Study leave. That dreaded time when the impending exams drawing ever so close invoke a cold sweat that trickles down your spine, indicating your feeble attempts to grasp those last valuable nuggets of information to make exams less terrifying have failed. Well, at least that is how I used to feel as a teenager.
What has changed now that I am a mature student?
Firstly, that infernal ticking time bomb of a clock with its weedy little fingers wrapping around my pumping heart has not changed at all! My attitude to the fear has indeed lessened thanks to better preparation and less stressing out. One great thing about being older is that you learn not to sweat the smalls so much. I’m a great believer in things happening at the right time and our influence over circumstances, up to a certain extent. For example, taking the premise of my studies and how to approach historical objects, we observe, interpret and communicate what is there to be seen and the information gathered or already known about an object. If I take that same approach to my exam paper, I will observe the same, interpret the question and communicate my answer accordingly.
But, what about the examiner’s focus and personal opinion to my answers?
Will they agree or disagree with what I have said?
All I can do to ensure a positive outcome is to take on board their personal evaluations of the questions and their supplied feedback on what they wanted from us students, then deliver the same. The rest is left up to their interpretation of my answers and whether or not they agree or disagree with my communication of the same. In other words, don’t sweat the smalls.
Having a decent amount of knowledge on the subjects helps a great deal – something I should have figured out as a teen but didn’t! The purity of setting aside studying time has not developed over my many years on this earth and I still struggle to settle down to bury myself in books. Who wants to do that when the sun is shining and their are plants to pot? Or the house needs cleaning? Or…I could go on but I’m sure you get the gist of what I’m trying to say. I’m excellent at procrastinating. The time set aside for studies is depleting like sand in a timer. As it trickles away, I scramble to catch up with the chapters and retain what little information sticks to my gravelly old grey matter to help me pass these infernal exams.
How does it feel to study with your own children?

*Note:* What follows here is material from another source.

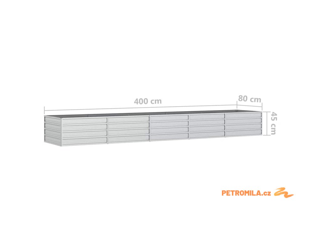 Zahradní vyvýšený záhon 400x80x45 cm pozinkovaná ocel stříbrný

My final perspective on being a mature student is the competition between my sprogs and myself to do well. So far, I have attained a first for my first half of the first year. This second half has seen me progress towards a first with little wiggle room left to achieve it. I want to get it to prove to those little mites that anyone can do it – even an old frog like me! It gives them incentive to try harder and yes, I do enjoy being called a ‘nerd’ or a ‘swot’ which is totally different to when I was younger and these words weren’t as complimentary. Now, I revel in those names and try to push harder to keep them. That’s a big change and one that I value because that drive is needed to keep me going not only in my studies but in my writing too, especially when I’m exhausted.
In all, becoming a mature student has taught me to value family life and free time. My free time gives me opportunities to learn more about this world and open my mind to improving in my writing and learning skills. Of course, it completely changes the meaning of the word free time, but I think it’s open to interpretation. Watching my children struggle through their studies reminds me not to take things for granted. I am on my second wind and they are just starting out. This is very difficult and confusing at the best of times. I think I’ve learned not to push them as hard as I used to (I was a bit of a tiger mum!) and to understand that everyone learns in a different way. Look at me – I prefer pottering and them coming back to my studies every few hours with a fresh mind that has stewed on the ideas from before. It gives them time to take root and stick around for longer than five seconds. Looking at the sprogs, they have different ways of understanding what they learn too and it gives me a chance to show them that it’s okay to be different and to study in their own way. As long as we all enjoy the process, it doesn’t feel like hard work and therefore produces better results.